The JWST has used this fingerprint to add methane and carbon dioxide to the previously identified water. It has also found something happening at 3.3 µm, one of the wavelengths associated with dimethyl sulfide, but other gasses absorb at wavelengths close enough to this that the detection is uncertain.
More observations may settle this question. Each time K2-18b passes transits its star there is another opportunity to collect more light, and adding these observations together could make for a clearer signal. The analysis was performed on observations of two transits, each of which yielded the equivalent of eight transits observed by Hubble.
Considering the excitement it has produced among astronomers, K2-18b really needs a catchier name, although its alternative designation (EPIC 201912552 b) is worse. In the meantime, however, don’t let the boring nomenclature blind you to this planet’s significance. Since its discovery by the extended Kepler mission, the planet orbiting a star 124 light years away has been marked as something special, so it was inevitable the JWST would prioritize it for attention.

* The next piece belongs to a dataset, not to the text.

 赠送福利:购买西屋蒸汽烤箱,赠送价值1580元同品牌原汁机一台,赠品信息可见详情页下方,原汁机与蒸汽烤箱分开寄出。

K2-18b has a radius 2.6 times the size of Earth, but a mass 8.6 times greater. That makes it less dense than a rocky planet, but denser than a gas giant like Neptune. It’s thought to be covered in water surrounded by a thick hydrogen-rich atmosphere. Astronomers have named this class of planets Hycean (Hydrogen-ocean) and some think it might be easier to find signs of life in their atmospheres than those of more Earth-like worlds. K2-18b is considered the first likely Hycean planet, but until now its ocean has been speculative.
Planetary scientists predicted Hycean planets should have methane and carbon dioxide in their atmospheres, but little to no ammonia, and this is what the JWST found. The combination indicates a planet well-suited to life, but we will need to find more exotic molecules to know biology is occurring there. Dimethyl sulfide should be one of the easiest to spot.

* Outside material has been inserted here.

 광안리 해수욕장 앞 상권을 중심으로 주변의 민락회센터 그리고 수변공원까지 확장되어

"Although this kind of planet does not exist in our solar system, sub-Neptunes are the most common type of planet known so far in the galaxy," said Dr Subhajit Sarkar of Cardiff University in a statement. “We have obtained the most detailed spectrum of a habitable-zone sub-Neptune to date, and this allowed us to work out the molecules that exist in its atmosphere.”
In 2019, studies of K2-18b’s atmosphere using Hubble detected signs of water vapor, the first time this had occurred on a planet cool enough to also have a liquid ocean. Nevertheless, this was all slow going. Habitable zone planets require longer orbits than the overheated worlds we find most easily. Even with a red dwarf as its parent star, it’s a 33-day wait between transits, posing a problem for Hubble, which needed to combine so many opportunities to even have a chance of finding anything.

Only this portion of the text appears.